A exposição a fármacos ou a cosméticos é outro potencial fator desencadeante de

acne. A acne iatrogénica pode ser induzida por alguns medicamentos (como os

corticóides tópicos ou orais, a vitamina B12, os halogénios ou a isoniazida) e

manifesta-se pelo aparecimento, relativamente súbito, de pápulas e pústulas

pequenas, monomorfas na face e tronco, raramente acompanhadas de comedões. A

acne cosmética é, como o próprio nome indica, despoletada pelo uso de produtos

cosméticos e de higiene corporal, nomeadamente quando a sua base é oleosa e

quando são oclusivos. Este tipo de acne é geralmente ligeiro mas persistente se a

utilização do produto desencadeante não for interrompida.
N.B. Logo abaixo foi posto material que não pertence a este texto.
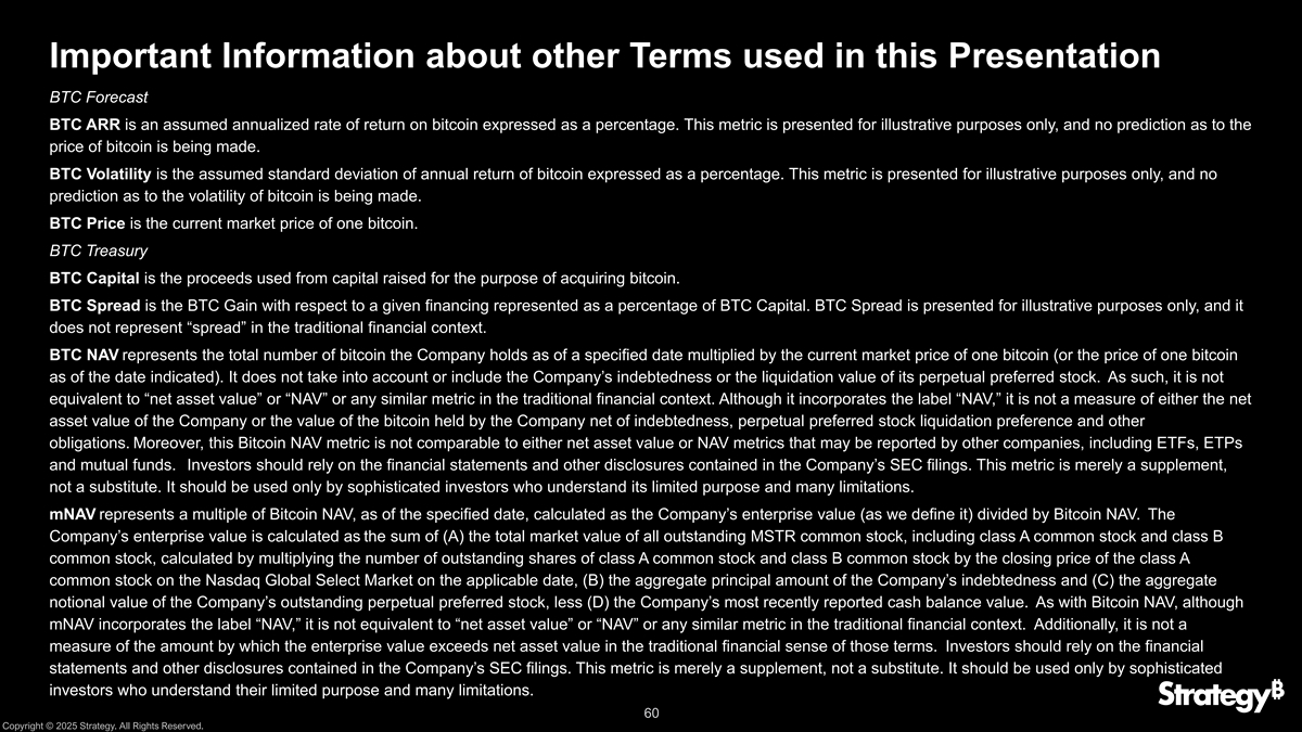 Important Information about other Terms used in this Presentation BTC Credit BTC Rating is the ratio of our Bitcoin NAV and the sum of the notional values of the instruments being rated and all instruments that are senior to and, if any liabilities share an equal claim to our assets, such instruments with a stated maturity date sooner than or that may become due upon an exercise of a repurchase right at the option of the holder sooner than, the liability being rated. BTC Rating does not represent a rating from any rating agency and is not equivalent to a rating in the traditional financial context. BTC Rating also does not account for potential cross-defaults under our debt obligations that would result in debt obligations with stated maturities later than the liability being rated becoming due sooner than the liability being rated. This metric is presented for illustrative purposes only and should not form the basis for an investment decision. BTC Risk is the probability of an instrument having a BTC Rating less than 1 at the end of its Duration. This probability is derived from a lognormal distribution modeling of bitcoin’s price, adjusted for BTC ARR and BTC Volatility assumptions. BTC Risk does not represent an actuarial risk rating or a rating from any rating agency, and it is not a risk rating in the traditional financial context. This metric is presented for illustrative purposes only and should not form the basis for an investment decision. Actual results may vary materially from these illustrative results. BTC Credit is the credit spread necessary to offset BTC Risk for a given security. It is calculated by annualizing BTC Risk assuming the same probability each year of the BTC Rating of such security falling below 1 each year and assuming no recovery. This metric is presented for illustrative purposes only and should not form the basis for an investment decision. Duration for a convertible bond is the sooner of the stated maturity date or the date it may become due upon an exercise of a repurchase right at the option of the holder. Duration for a preferred stock is the Macaulay Duration of such preferred stock. Macaulay Duration of a preferred stock is the quotient obtained by dividing the sum of 1 and the Effective Yield of such stock by the Effective Yield of such stock. Effective Yield is the annualized yield on an asset based on its fixed dividend rate and the current price of such asset. 59 Copyright © 2025 Strategy. All Rights Reserved.
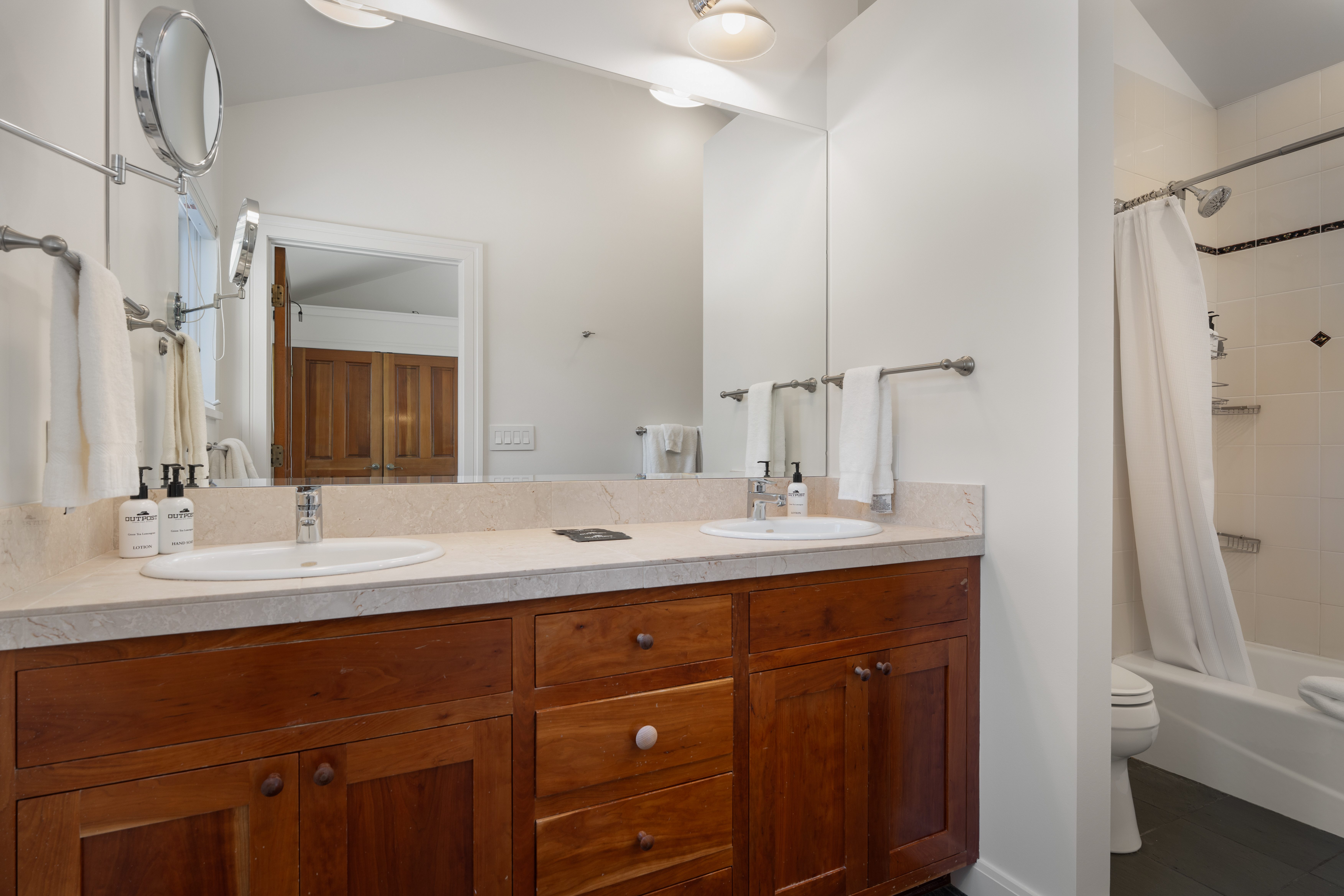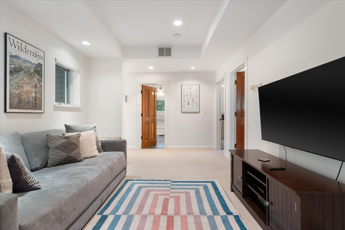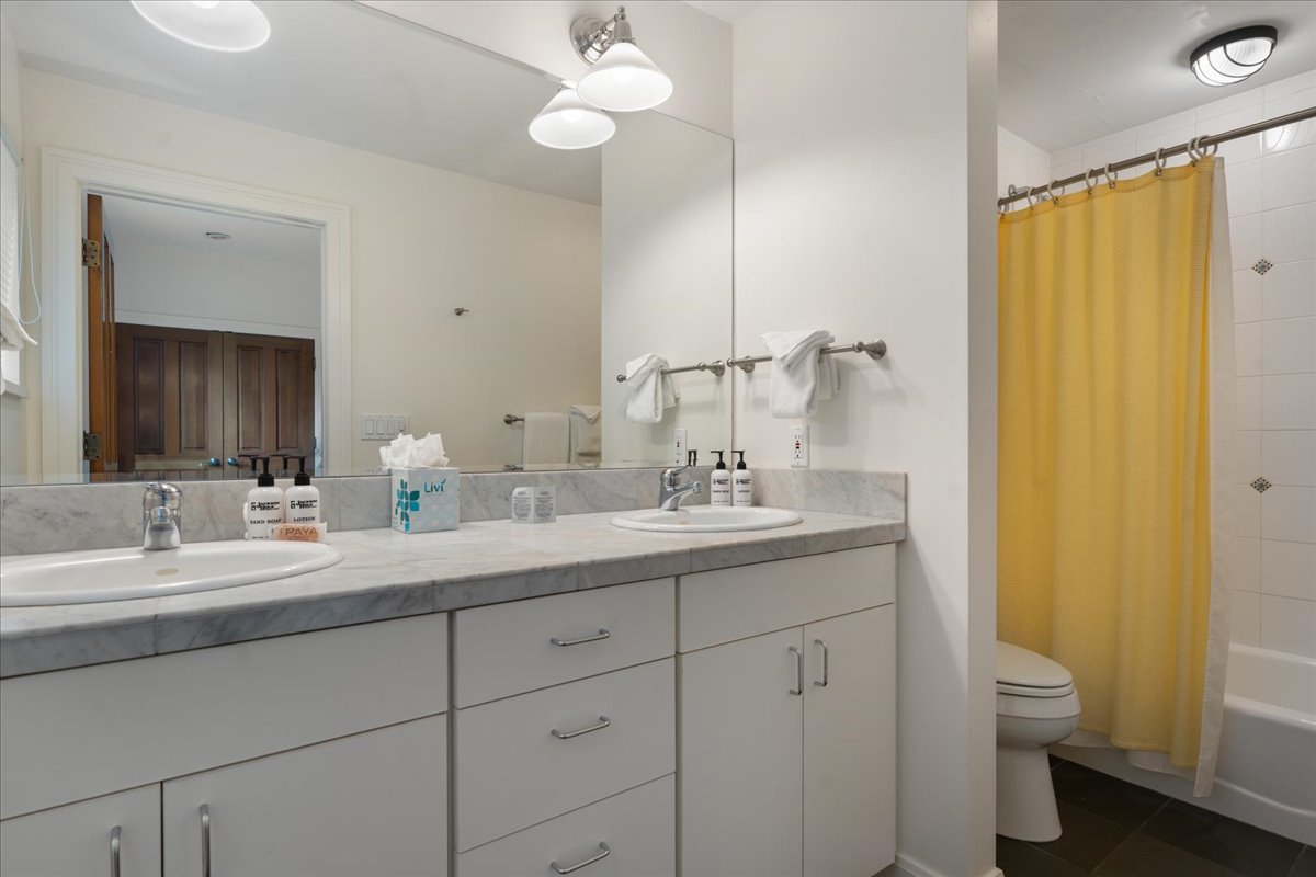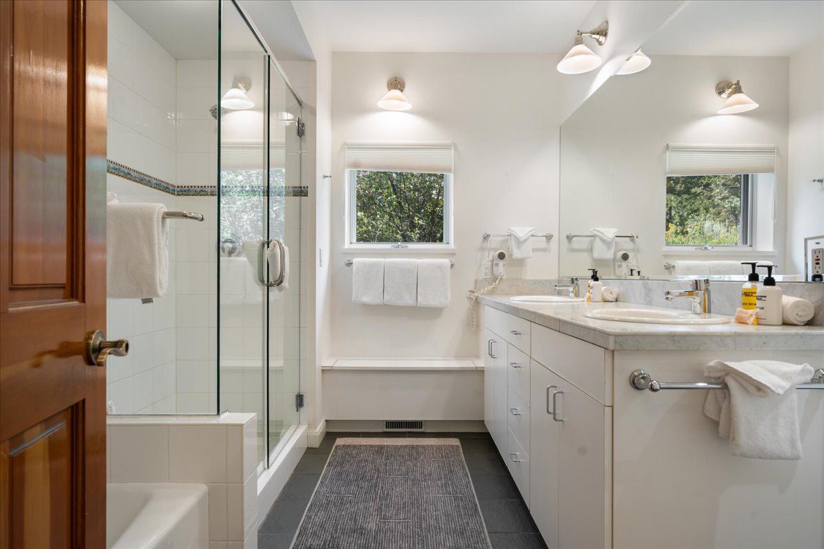 The property spans approximately 4,350 square feet and features six bedrooms across the main home and a guest house with a private exterior entrance, making it perfect for families or groups traveling together. The open living areas are filled with natural light creating a warm and inviting space to relax and gather.

Finalmente, falaremos de duas formas raras mas graves de acne, com forte

componente inflamatória: a acne Conglobata e a acne fulminante. A acne Conglobata

atinge principalmente os homens de idade adulta, com ou sem historial de acne vulgar,

e caracteriza-se pela presença de comedões, nódulos, quistos, fístulas e cicatrizes,

maioritariamente nas costas, nádegas e peito. Este tipo de acne é crónico, recaindo

frequentemente, e a sua patogénese não é totalmente conhecida.

A acne fulminante é um tipo raro de acne muito agressivo que parece ocorrer

exclusivamente em rapazes adolescentes. Caracteriza-se pelo aparecimento repentino

de múltiplas lesões inflamatórias, especialmente no tronco, que rapidamente se

tornam ulcerativas e formam cicatrizes. Os doentes com este tipo de acne

desenvolvem com frequência sintomas sistémicos como febre alta, dores articulares e

musculares, leucocitose e perda de peso, podendo requerer internamento hospitalar.

Embora a etiologia da acne fulminante também não seja conhecida, suspeita-se que

envolva uma componente imunológica e predisposição genética.